This repo is a proof-of-concept setup to run workloads across ROCm and CUDA. This is a fork of the original (excellent) work by Rafał Siwek (https://github.com/RafalSiwek/troubleshoot-heterogenous-distributed-operations) with some bug fixes and additional experiments.
Start the containers:
docker compose up --build
Extract the SSH keys from the containers:
(docker compose exec rocm1 cat /root/.ssh/id_ed25519.pub && docker compose exec cuda1 cat /root/.ssh/id_ed25519.pub) > tmp/ssh-pub-keys.txt
Copy the public keys to each worker container by pasting it into the /root/.ssh/authorized_keys
file:
cat tmp/ssh-pub-keys.txt | docker compose exec --no-TTY rocm1 tee /root/.ssh/authorized_keys
cat tmp/ssh-pub-keys.txt | docker compose exec --no-TTY cuda1 tee /root/.ssh/authorized_keys
Check that each machine can ssh into the other:
# should print "cuda1"
docker compose exec rocm1 ssh root@cuda1 hostname
# should print "rocm1"
docker compose exec cuda1 ssh root@rocm1 hostname
Compile the test:
docker compose exec rocm1 bash
# in the container
cp -r tests/send_recv /tmp/
pushd /tmp/send_recv
hipcc test_send_recv_rocm.cpp -lmpi
echo $?
popd
docker compose exec cuda1 bash
# in the container
cp -r tests/send_recv /tmp/
pushd /tmp/send_recv
nvcc test_send_recv_cuda.cpp -lmpi
echo $?
popd
Run the test (in one of the containers):
docker compose exec rocm1 bash
mpirun --allow-run-as-root -np 2 -H rocm1,cuda1 \
-mca pml ucx -mca coll_ucc_enable 1 -mca coll_ucc_priority 100 \
-mca coll_ucc_verbose 3 -mca pml_ucx_verbose 3 \
/tmp/send_recv/a.out
# make sure the command exited successfully. Should print "0"
echo $?
Compile the test:
docker compose exec rocm1 bash -c "rm -rf /tmp/bidirectional_send_recv && cp -r tests/bidirectional_send_recv /tmp/ && cd /tmp/bidirectional_send_recv && hipcc test_bidirectional_send_recv_rocm.cpp -lmpi && echo $?"

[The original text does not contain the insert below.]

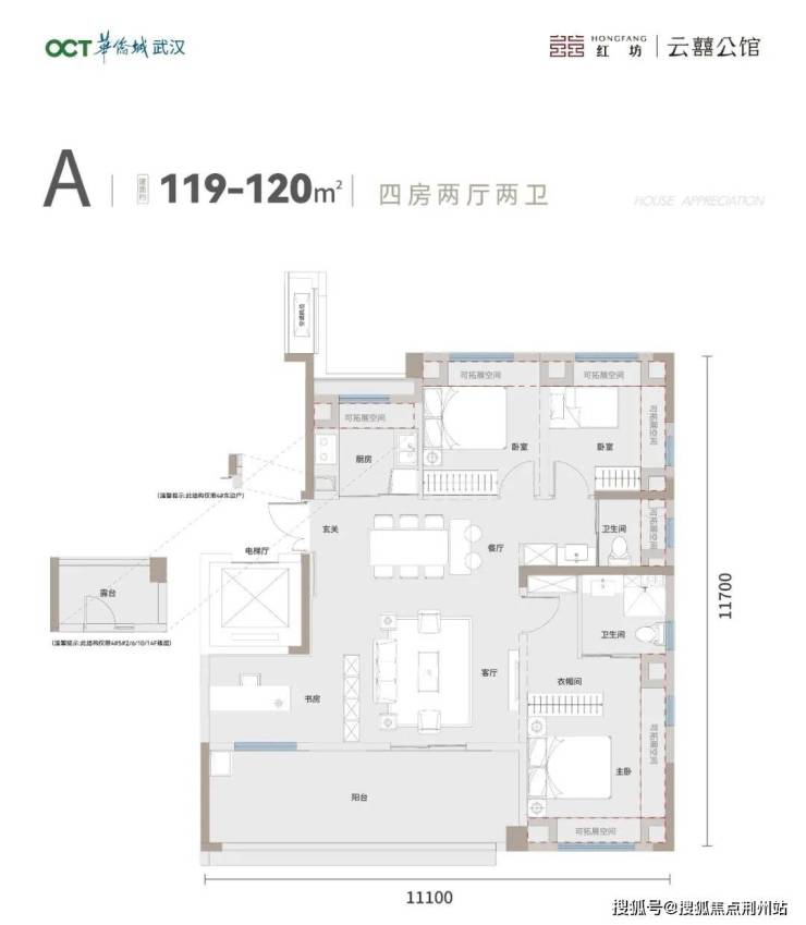 项目首开预计会放出建面约120㎡四房两厅两卫产品

docker compose exec cuda1 bash -c "rm -rf /tmp/bidirectional_send_recv && cp -r tests/bidirectional_send_recv /tmp/ && cd /tmp/bidirectional_send_recv && nvcc test_bidirectional_send_recv_cuda.cpp -lmpi && echo $?"
Run the test (cuda rank 0, rocm rank 1):
docker compose exec cuda1 bash
mpirun --allow-run-as-root -np 2 -H cuda1,rocm1 \
-mca pml ucx -mca coll_ucc_enable 1 -mca coll_ucc_priority 100 \
-mca coll_ucc_verbose 3 -mca pml_ucx_verbose 3 \
/tmp/bidirectional_send_recv/a.out
# make sure the command exited successfully. Should print "0"
echo $?
Run the test (rocm rank 0, cuda rank 1 ):
docker compose exec rocm1 bash
mpirun --allow-run-as-root -np 2 -H rocm1,cuda1 \
-mca pml ucx -mca coll_ucc_enable 1 -mca coll_ucc_priority 100 \
-mca coll_ucc_verbose 3 -mca pml_ucx_verbose 3 \
/tmp/bidirectional_send_recv/a.out
# make sure the command exited successfully. Should print "0"
echo $?
Compile the test:
docker compose exec rocm1 bash -c "rm -rf /tmp/allreduce && cp -r tests/allreduce /tmp/ && cd /tmp/allreduce && hipcc test_allreduce_rocm.cpp -lmpi && echo $?"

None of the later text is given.